── Supplied records ──
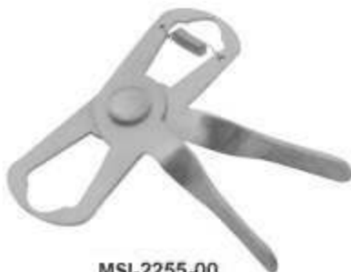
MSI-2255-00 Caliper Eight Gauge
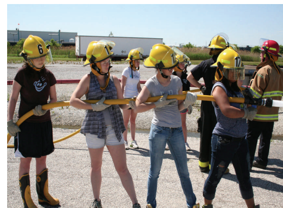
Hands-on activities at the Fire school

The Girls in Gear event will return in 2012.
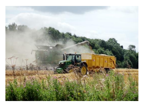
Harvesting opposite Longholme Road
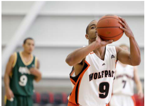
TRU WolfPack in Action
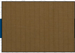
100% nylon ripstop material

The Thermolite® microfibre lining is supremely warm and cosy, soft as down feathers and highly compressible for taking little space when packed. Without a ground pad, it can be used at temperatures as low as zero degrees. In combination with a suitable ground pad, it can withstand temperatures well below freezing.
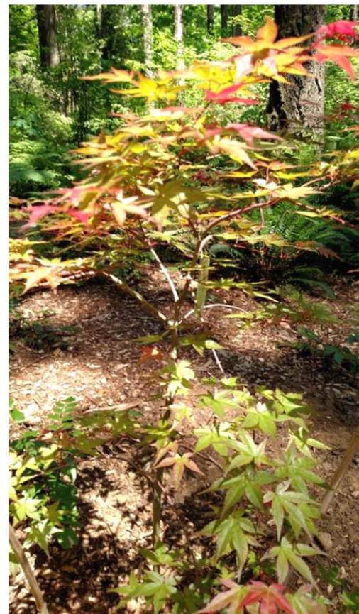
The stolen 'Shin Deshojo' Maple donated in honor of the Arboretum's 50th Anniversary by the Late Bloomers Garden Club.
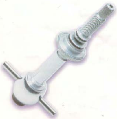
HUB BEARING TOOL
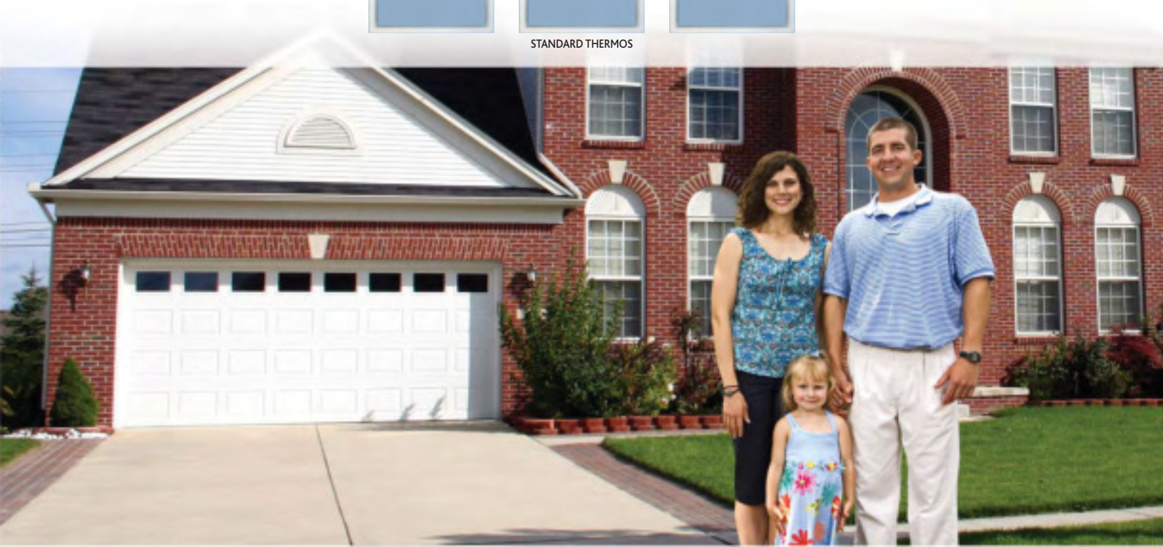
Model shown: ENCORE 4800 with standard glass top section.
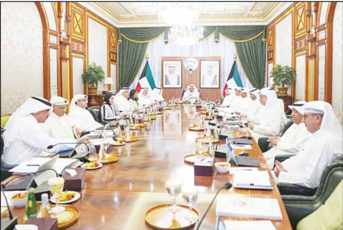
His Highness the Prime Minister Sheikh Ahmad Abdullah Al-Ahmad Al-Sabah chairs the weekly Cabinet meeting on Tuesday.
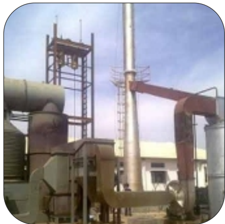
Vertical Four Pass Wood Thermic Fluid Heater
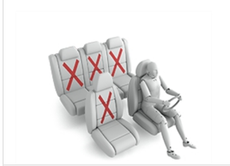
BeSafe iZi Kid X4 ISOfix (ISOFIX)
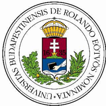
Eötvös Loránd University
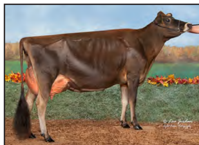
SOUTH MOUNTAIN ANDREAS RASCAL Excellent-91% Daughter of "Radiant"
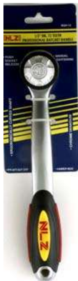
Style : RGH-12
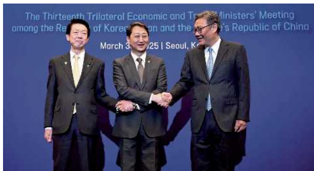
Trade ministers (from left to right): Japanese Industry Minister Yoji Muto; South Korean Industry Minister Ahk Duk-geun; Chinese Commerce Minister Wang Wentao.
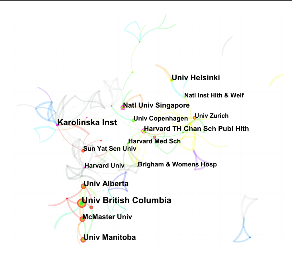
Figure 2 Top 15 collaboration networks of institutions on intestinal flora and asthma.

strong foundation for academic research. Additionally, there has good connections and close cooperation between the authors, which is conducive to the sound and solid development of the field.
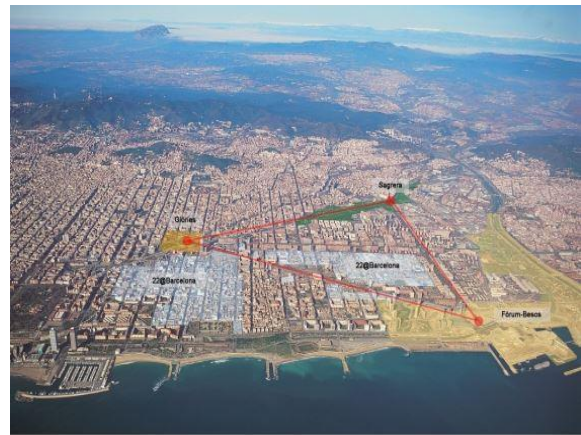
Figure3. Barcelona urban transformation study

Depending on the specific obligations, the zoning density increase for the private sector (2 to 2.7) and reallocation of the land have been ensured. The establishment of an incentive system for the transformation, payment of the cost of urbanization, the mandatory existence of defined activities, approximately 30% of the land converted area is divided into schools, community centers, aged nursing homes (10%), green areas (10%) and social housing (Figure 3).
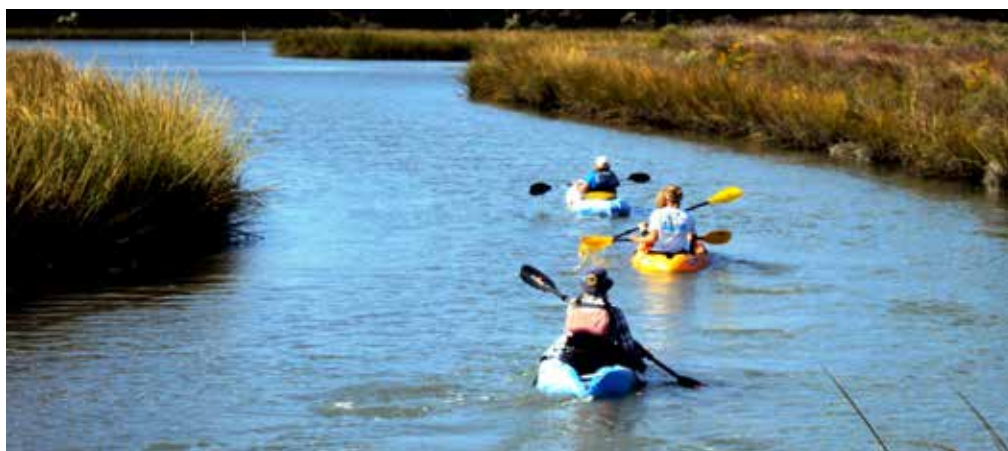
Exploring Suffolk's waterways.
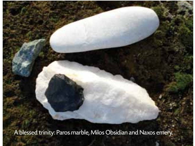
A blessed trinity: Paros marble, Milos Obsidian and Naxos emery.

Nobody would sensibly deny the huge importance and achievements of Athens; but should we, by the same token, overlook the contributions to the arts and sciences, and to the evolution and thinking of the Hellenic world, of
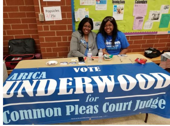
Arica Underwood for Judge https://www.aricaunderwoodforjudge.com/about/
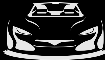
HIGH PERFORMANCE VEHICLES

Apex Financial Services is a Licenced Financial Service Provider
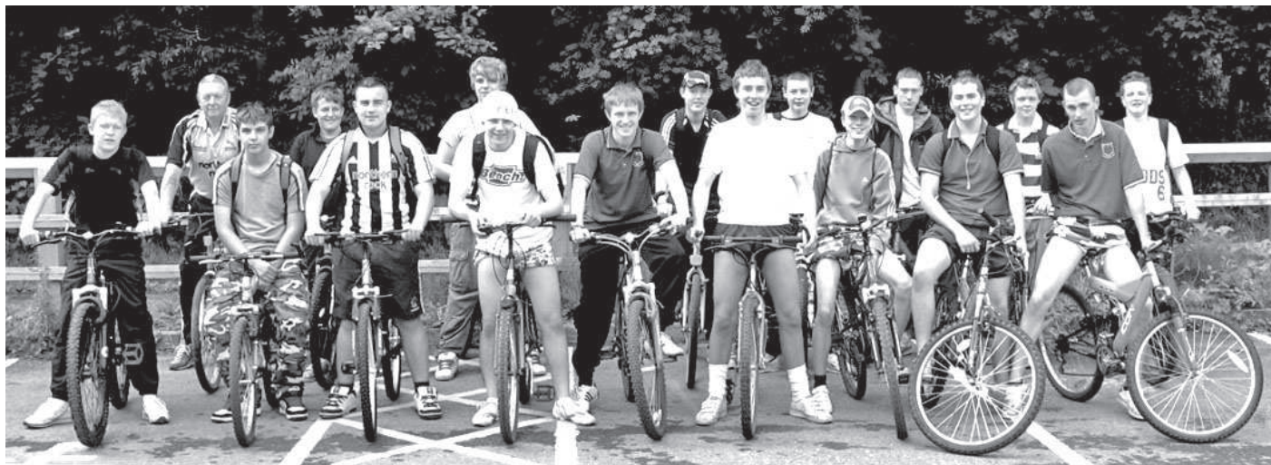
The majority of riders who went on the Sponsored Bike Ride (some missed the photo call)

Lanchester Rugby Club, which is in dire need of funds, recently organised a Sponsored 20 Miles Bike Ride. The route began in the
───
── Supplied records ──
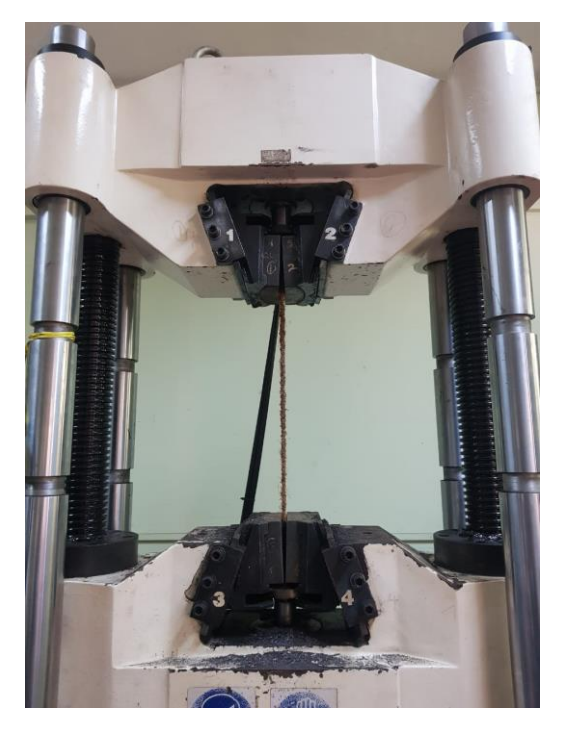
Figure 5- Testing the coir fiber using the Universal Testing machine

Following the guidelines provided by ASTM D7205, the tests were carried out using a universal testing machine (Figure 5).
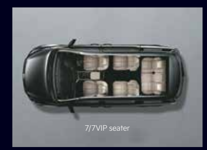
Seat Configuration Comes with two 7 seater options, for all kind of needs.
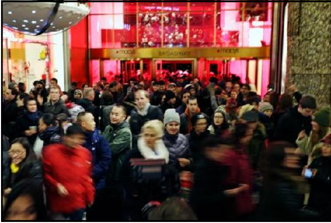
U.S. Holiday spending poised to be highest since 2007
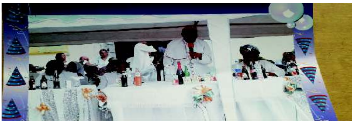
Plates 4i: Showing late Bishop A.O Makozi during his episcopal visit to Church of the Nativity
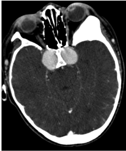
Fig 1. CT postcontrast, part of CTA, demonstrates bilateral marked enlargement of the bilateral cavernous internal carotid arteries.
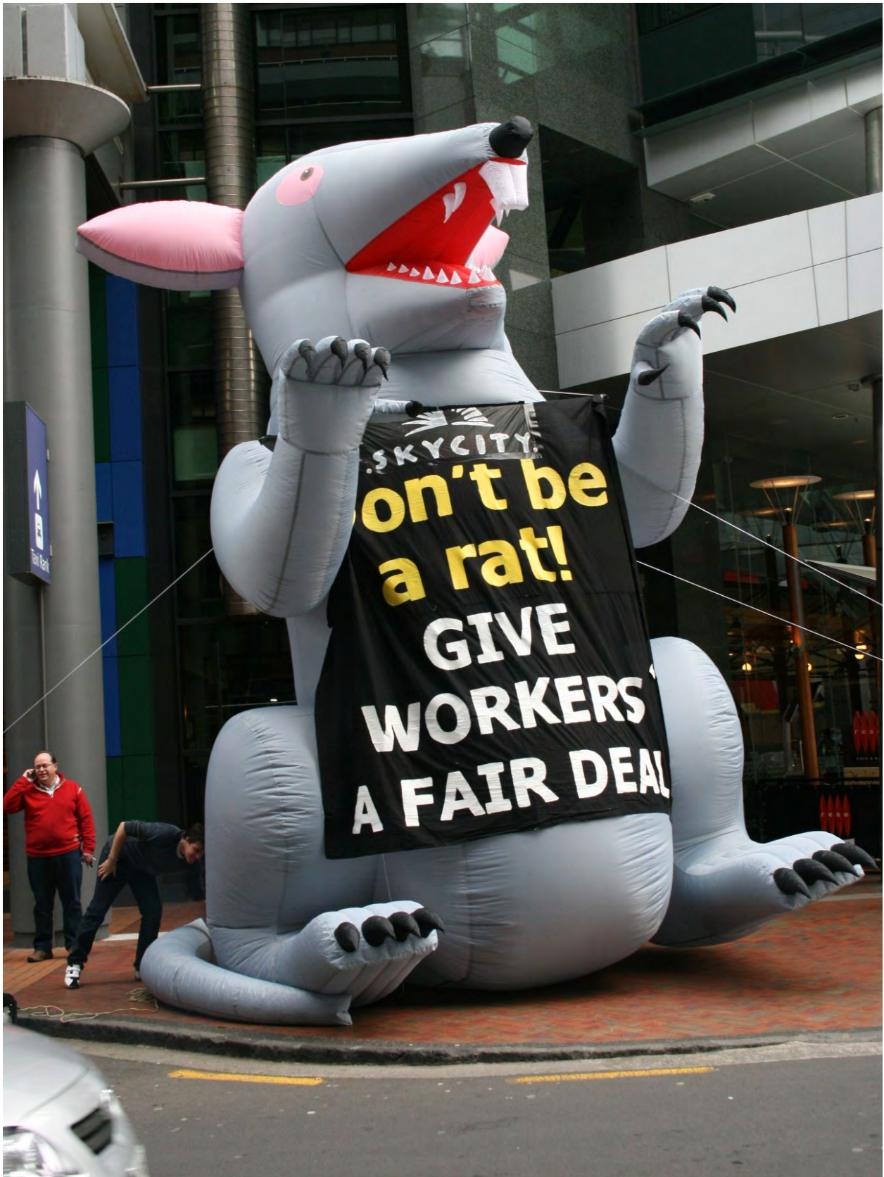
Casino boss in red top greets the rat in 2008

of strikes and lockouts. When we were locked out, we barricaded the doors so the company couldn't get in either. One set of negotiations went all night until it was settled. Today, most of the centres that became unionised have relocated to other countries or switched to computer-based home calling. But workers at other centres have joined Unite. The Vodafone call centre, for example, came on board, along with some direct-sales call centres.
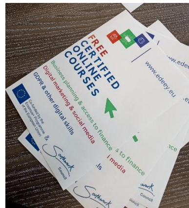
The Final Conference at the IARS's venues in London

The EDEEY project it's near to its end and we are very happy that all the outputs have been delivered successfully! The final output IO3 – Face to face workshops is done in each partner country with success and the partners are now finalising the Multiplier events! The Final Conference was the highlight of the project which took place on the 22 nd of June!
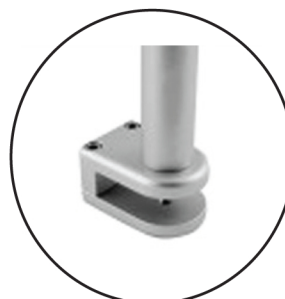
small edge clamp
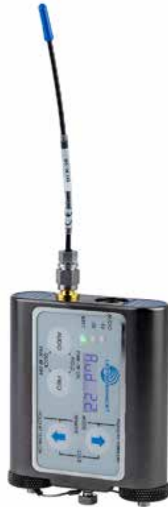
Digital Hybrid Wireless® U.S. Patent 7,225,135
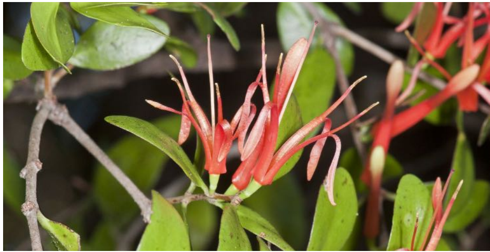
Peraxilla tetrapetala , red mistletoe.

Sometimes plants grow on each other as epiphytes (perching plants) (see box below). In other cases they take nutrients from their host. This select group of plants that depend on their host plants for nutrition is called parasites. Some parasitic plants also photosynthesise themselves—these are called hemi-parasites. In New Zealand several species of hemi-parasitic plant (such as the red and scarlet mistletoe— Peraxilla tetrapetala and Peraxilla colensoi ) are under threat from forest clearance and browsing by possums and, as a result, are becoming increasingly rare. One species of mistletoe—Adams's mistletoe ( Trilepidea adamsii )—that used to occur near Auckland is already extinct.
───
── Supplied records ──
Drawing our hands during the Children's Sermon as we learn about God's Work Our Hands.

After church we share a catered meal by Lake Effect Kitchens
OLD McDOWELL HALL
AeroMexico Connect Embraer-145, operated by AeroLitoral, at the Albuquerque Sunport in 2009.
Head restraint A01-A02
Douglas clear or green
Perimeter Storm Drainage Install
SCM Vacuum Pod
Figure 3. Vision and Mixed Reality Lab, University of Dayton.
───
▶ _Description of the task_: If a line in the entries above holds "University", include it in the count; report nothing but the resulting number.

▶ _Answer to this exercise_: 2